John P. O'Leary, Jr., Brian C. Mullins and James H. Brakebill have been
designated as participants. Under the plan, designated percentages of
compensation are credited each fiscal quarter to an unfunded bookkeeping account
for each participant. Interest is also credited to the account for each fiscal
quarter at the then prime rate as announced by the Company's principal bank.
Payments from the account commence after the later of the participant's
termination of employment or age 55 and are paid in the form of a single life
annuity unless another form of annuitized payment is elected.

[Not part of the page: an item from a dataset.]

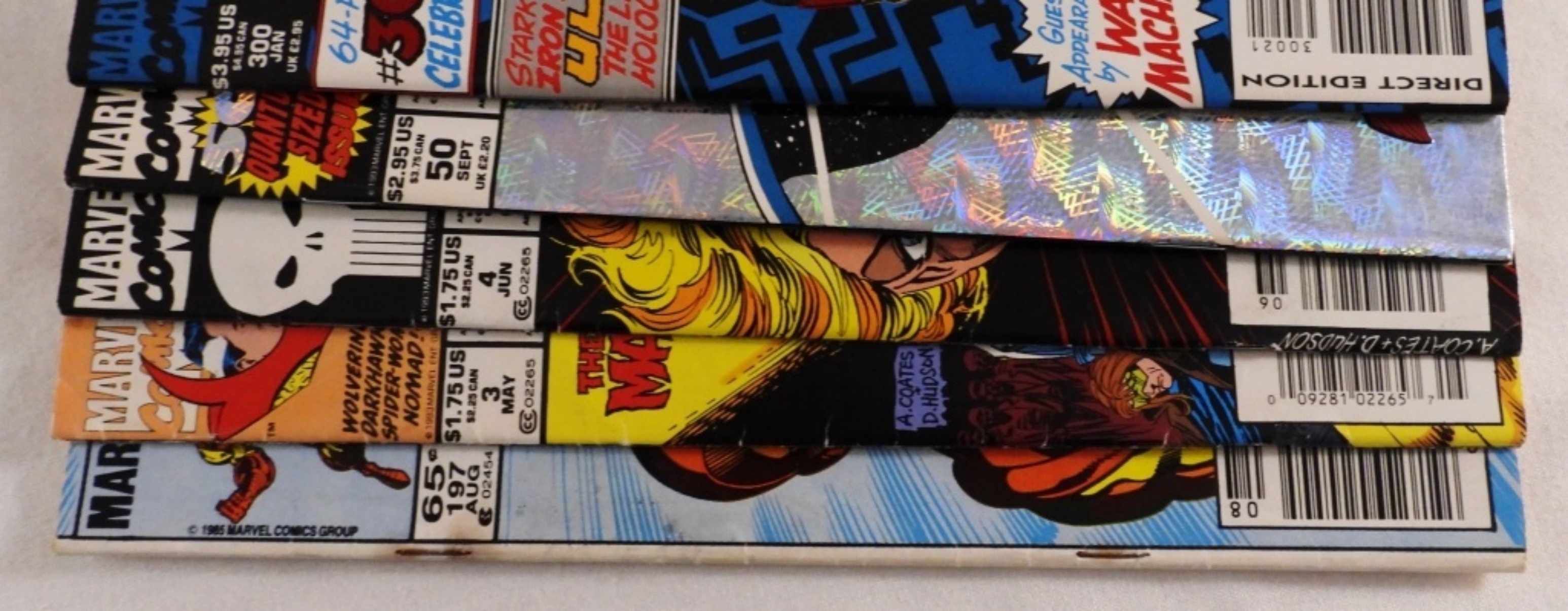 1) The Secret Defenders #3. 2) The Secret Defenders #4. 3) Quasar #50. 4) Iron Man #300. 5) Iron Man 197.

A participant does
not have the option to elect to receive a lump sum payment from the Company.
Under an agreement entered into with each participant, the supplemental
retirement benefits may be forfeited in the event of certain activity by the
participant not in the best interests of the Company during the three-year
period following termination of employment. During the 1998 fiscal year, the
amounts accrued by the Company under the plan to the bookkeeping accounts for
the benefit of John P. O'Leary, Jr., Brian C. Mullins and James H. Brakebill,
including the accrued interest, amounted to $26,560, $15,640 and $21,636,
respectively.
 
CERTAIN RELATIONSHIPS AND RELATED TRANSACTIONS
 
     The Company's principal bank is Mellon Bank, N.A., of which Jeffery L.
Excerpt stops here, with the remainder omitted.